Record extracts below:

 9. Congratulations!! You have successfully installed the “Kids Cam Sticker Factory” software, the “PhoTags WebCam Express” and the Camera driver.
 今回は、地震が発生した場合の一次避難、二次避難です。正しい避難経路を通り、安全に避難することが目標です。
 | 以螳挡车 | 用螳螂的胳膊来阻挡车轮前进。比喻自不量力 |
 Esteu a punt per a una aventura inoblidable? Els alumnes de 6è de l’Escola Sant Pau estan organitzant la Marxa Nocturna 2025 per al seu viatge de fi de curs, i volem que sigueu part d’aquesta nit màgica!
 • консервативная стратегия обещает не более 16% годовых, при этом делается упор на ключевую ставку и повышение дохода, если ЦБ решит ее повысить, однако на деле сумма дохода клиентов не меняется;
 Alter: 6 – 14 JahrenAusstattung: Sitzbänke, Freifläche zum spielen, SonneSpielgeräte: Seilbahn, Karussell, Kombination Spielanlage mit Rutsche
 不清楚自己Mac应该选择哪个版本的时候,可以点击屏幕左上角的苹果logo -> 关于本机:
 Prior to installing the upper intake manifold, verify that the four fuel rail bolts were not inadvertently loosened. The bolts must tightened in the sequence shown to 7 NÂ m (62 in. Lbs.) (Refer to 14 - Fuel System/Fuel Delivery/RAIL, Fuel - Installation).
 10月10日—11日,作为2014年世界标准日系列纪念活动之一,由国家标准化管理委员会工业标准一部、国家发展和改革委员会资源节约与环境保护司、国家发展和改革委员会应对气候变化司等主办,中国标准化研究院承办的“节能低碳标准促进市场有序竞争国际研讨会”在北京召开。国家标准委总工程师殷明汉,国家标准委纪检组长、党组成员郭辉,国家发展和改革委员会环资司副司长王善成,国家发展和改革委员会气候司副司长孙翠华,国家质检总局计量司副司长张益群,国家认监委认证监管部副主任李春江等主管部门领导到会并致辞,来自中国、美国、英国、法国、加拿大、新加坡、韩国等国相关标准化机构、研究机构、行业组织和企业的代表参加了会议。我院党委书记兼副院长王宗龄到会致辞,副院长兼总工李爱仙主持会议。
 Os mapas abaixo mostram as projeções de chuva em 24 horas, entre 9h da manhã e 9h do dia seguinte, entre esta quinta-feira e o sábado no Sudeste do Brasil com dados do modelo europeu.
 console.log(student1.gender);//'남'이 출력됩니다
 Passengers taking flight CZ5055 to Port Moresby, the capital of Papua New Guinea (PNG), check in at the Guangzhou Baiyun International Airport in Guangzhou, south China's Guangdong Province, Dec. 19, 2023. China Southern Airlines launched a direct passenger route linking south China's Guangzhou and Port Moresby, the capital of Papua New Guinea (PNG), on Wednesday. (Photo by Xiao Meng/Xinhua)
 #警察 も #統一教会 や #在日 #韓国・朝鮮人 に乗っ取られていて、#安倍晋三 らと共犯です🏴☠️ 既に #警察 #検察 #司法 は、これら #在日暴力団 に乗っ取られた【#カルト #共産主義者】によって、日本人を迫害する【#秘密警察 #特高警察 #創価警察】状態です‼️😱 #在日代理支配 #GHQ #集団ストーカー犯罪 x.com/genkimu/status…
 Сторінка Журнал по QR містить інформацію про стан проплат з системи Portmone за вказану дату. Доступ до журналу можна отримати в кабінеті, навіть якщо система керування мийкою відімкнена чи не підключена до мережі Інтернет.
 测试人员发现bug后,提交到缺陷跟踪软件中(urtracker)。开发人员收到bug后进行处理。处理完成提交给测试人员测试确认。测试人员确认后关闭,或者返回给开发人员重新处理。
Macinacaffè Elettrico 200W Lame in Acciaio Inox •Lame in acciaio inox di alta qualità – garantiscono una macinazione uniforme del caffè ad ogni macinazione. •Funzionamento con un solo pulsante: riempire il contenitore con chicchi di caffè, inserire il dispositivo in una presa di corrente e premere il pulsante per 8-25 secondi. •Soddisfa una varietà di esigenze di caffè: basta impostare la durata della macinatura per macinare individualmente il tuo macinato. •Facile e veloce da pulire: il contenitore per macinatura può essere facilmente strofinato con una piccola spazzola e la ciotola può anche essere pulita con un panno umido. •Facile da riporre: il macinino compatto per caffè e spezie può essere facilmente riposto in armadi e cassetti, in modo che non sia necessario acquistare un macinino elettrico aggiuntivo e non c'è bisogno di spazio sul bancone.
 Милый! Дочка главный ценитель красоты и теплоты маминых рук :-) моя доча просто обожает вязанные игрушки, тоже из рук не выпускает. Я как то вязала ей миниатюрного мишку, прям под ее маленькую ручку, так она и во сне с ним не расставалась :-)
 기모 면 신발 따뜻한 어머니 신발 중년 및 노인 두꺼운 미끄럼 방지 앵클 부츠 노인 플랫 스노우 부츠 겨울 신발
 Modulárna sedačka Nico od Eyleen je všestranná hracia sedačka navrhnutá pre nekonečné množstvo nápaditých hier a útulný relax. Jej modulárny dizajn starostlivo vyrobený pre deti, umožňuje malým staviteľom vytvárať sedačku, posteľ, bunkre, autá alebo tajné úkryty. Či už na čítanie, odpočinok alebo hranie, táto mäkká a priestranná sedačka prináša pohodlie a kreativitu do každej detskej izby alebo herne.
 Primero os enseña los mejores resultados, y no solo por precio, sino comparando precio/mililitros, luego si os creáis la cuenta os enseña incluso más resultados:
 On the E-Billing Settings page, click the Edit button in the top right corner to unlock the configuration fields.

End of Record extracts.

**The problem:**
Quote exactly the first line of the data and every line after it through the one holding "клиентов не меняется;".

**Response area:**
 9. Congratulations!! You have successfully installed the “Kids Cam Sticker Factory” software, the “PhoTags WebCam Express” and the Camera driver.
 今回は、地震が発生した場合の一次避難、二次避難です。正しい避難経路を通り、安全に避難することが目標です。
 | 以螳挡车 | 用螳螂的胳膊来阻挡车轮前进。比喻自不量力 |
 Esteu a punt per a una aventura inoblidable? Els alumnes de 6è de l’Escola Sant Pau estan organitzant la Marxa Nocturna 2025 per al seu viatge de fi de curs, i volem que sigueu part d’aquesta nit màgica!
 • консервативная стратегия обещает не более 16% годовых, при этом делается упор на ключевую ставку и повышение дохода, если ЦБ решит ее повысить, однако на деле сумма дохода клиентов не меняется;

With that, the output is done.